The LCA analysis identified three distinct groups of states, which aids in MENDS project planning and may serve as an approach for similar efforts with chronic disease surveillance to consider. States within each class exhibited strong similarities in domains (e.g. sociodemographic) while these differed notably among the classes. In addition, the three classes have a clear geographic orientation. These findings suggest that the three classes are cohesive and can be used to identify states when selecting additional sites. The different distribution of characteristics in the three classes warrants additional investigation to understand the underlying factors driving these patterns (e.g. population chronic disease burden, insurance status, public health infrastructure, etc. The National Health and Nutrition Examination Survey (NHANES) used a similar strategy to group states and territories into four strata according to similarities in sociodemographics and health, but not based on LCAs. ¹⁰ Although our LCA is limited by the small number of units under analysis, it generated results to inform continued recruitment of sites. Similar LCAs have been used to classify cities/towns into categories of chronic disease risk despite small sample sizes. ⁷

Use of EHR data has the potential to advance public health surveillance and guide public health interventions, ¹¹ which may include approaches at various geographic levels. MENDS presents one opportunity to modernize chronic disease surveillance methods with timely EHR data.

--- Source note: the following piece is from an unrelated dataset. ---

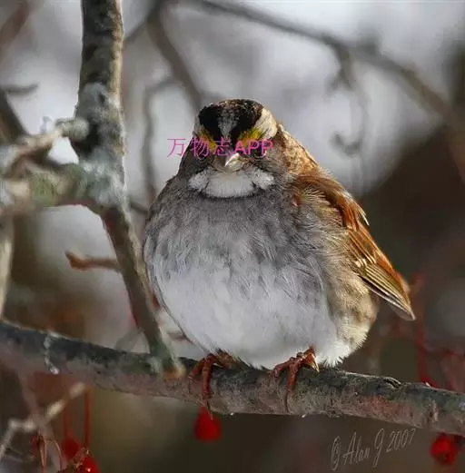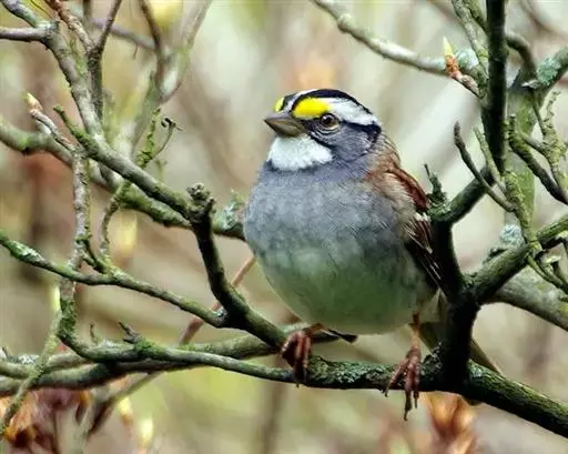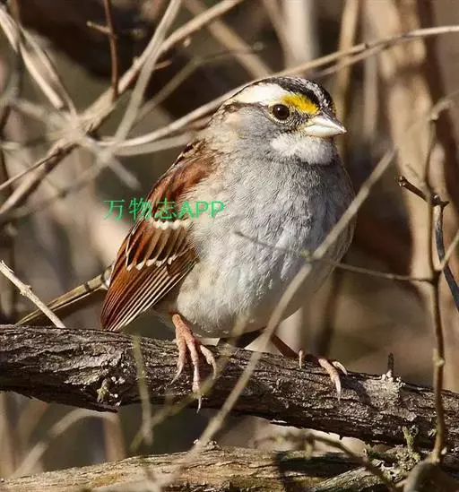 白喉带鹀(学名:Zonotrichia albicollis)属小型鸣禽,头部有独特的标记,背部褐色,有黑色条纹,与雀科的鸟类相比较为细弱,上下喙边缘不紧密切合而微向内弯,因而切合线中略有缝隙。通常栖息于半开放的地区的灌木丛。主以草子、种子、果实等植物性食物为食,也吃昆虫和蜘蛛。非繁殖期常集群活动,繁殖期由雌鸟在地面或树上、灌丛内筑碗状巢,卵蓝绿色或淡绿色,12至14天孵化。雄鸟帮助喂养雏鸟。
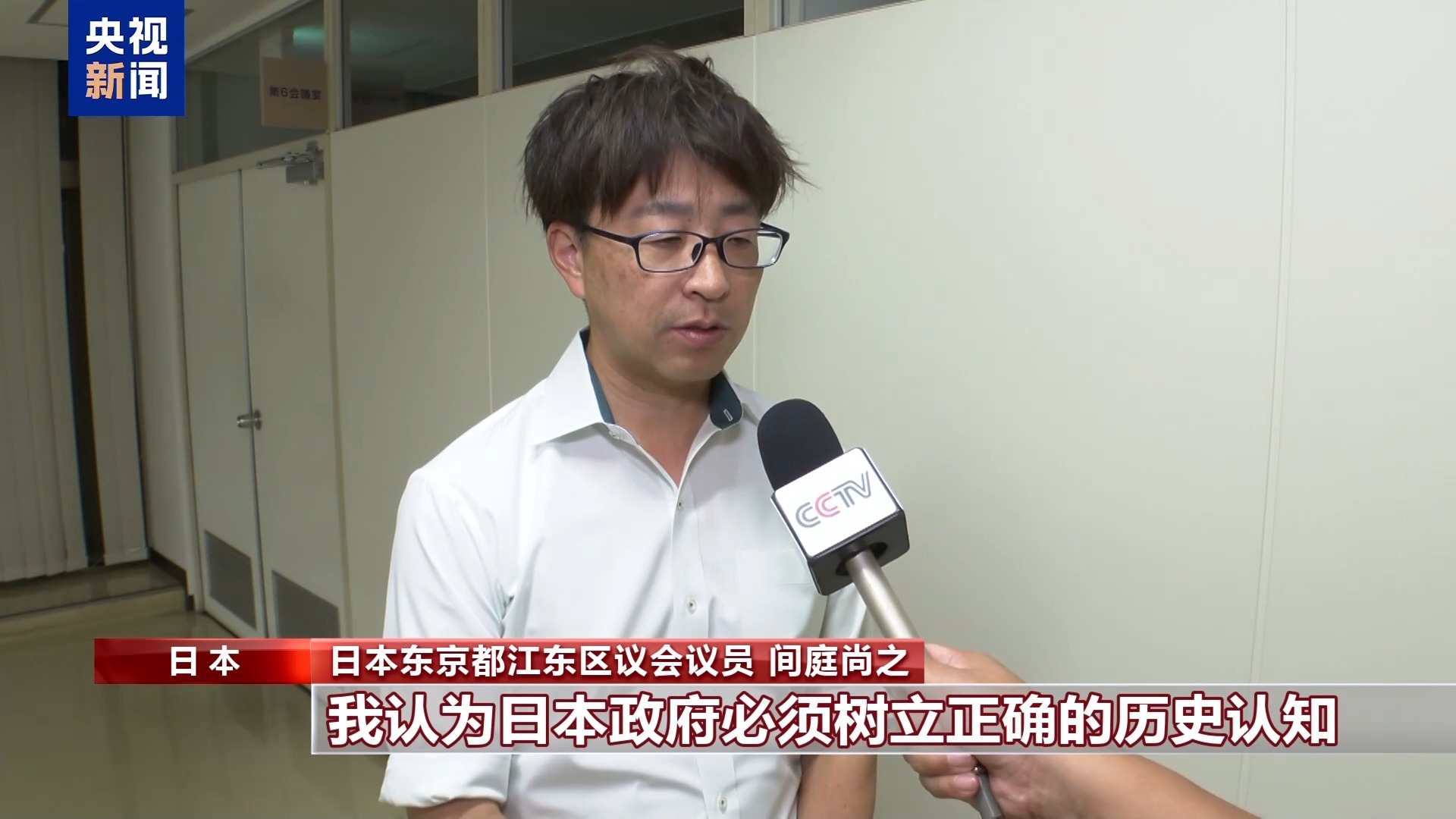 日本东京都江东区议会议员 间庭尚之:我认为日本政府必须树立正确的历史认知。日本对亚洲各国实施了加害行径,让亚洲人民遭受了极其残酷的苦难,日本政府必须清醒地认识到这一点,并且通过历史教育,把这一点传达给下一代的孩子们。

These results are only one part of the planning process, especially for EHR surveillance, which relies on engagement of clinical partner sites and resources for implementation. In the MENDS pilot, decisions to identify four initial partner sites were made prior to conducting the LCA analysis and relied upon partners’ ability and interest to engage in the pilot. For future expansion, the underlying data from states in underrepresented latent classes will help inform the selection of partner sites to increase the representativeness of MENDS. Although this work was undertaken as part of surveillance planning at a national level, it could also be replicated at smaller geographies (e.g. county) for other surveillance planning purposes.